- The paper introduces novel threat models and a NES-based attack method that achieves over 90% success in query-limited, partial-information, and label-only settings.
- It employs gradient estimation with NES and PGD to substantially reduce query counts while enabling targeted attacks on an ImageNet classifier and the Google Cloud Vision API.
- Empirical evaluations report a 99.2% success rate in the query-limited setting, highlighting the attack's robustness and practical implications for adversarial ML security.

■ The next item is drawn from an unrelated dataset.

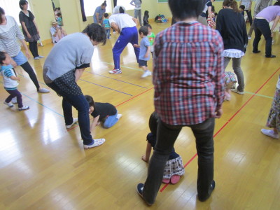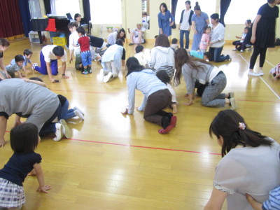 今日のメインの活動は体操の先生と一緒に親子体操です。ふれあい遊びや柔軟体操、リズム体操にゲームと盛りだくさんの内容でした。子どもたちはもちろん、保護者の方からもたくさんの笑顔が見られました。
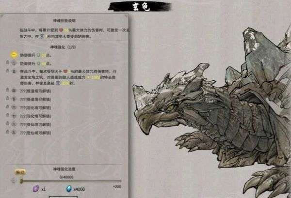 在战斗中每积累受到50%最大体力伤害时可以激发一次玄龟之甲,在7秒内减少大量伤害。

Black-box Adversarial Attacks with Limited Queries and Information
The paper "Black-box Adversarial Attacks with Limited Queries and Information" presents a substantial contribution to the field of adversarial machine learning by defining new threat models and developing corresponding attack methodologies. The authors, Andrew Ilyas, Logan Engstrom, Anish Athalye, and Jessy Lin from MIT and LabSix, explore the vulnerability of neural network-based classifiers to adversarial examples under restricted black-box settings, demonstrating the efficacy of their methods on both an ImageNet classifier and the Google Cloud Vision API.
Threat Models
The paper identifies three realistic threat models for black-box adversarial attacks:
- Query-limited setting: This model restricts the number of queries an attacker can make to the classifier, reflecting practical limitations such as monetary costs or time constraints.
- Partial-information setting: In this setting, the attacker only has access to the top-k class probabilities, or scores that do not necessarily sum to one, rather than the full output space.
- Label-only setting: Here, the attacker can only observe the sorted order of the top-k inferred labels without any accompanying probability scores or confidence metrics.
Methodological Contributions
Query-limited Setting
For the query-limited setting, the authors propose using Natural Evolutionary Strategies (NES) for efficient black-box gradient estimation. NES is shown to significantly reduce the number of required queries compared to previous methods such as finite differences. The proposed attack uses NES to estimate gradients and employ Projected Gradient Descent (PGD) to generate adversarial examples within a query budget. This method demonstrates successful targeted attacks with significantly fewer queries, highlighting its practicality in real-world scenarios where query limitations are stringent.
Partial-information Setting
The partial-information attack starts with an instance of the target class and iteratively blends it with the original image while maximizing the target class's likelihood. This method adapts NES to work under partial information, achieving high success rates even when the attacker only sees the top probability score. This strategy culminated in a successful targeted attack on the Google Cloud Vision API, showcasing its applicability to large-scale, commercial classifiers that provide limited feedback.
Label-only Setting
In the label-only setting, the authors introduce a ranking-based surrogate score to characterize the adversarial strength of perturbations. By incorporating noise robustness to approximate classification confidence, the attack iteratively minimizes this surrogate score until the adversarial class ranks highest. This method effectively generates adversarial examples even when the model only outputs the top-k labels, with no probability scores or confidence measures available.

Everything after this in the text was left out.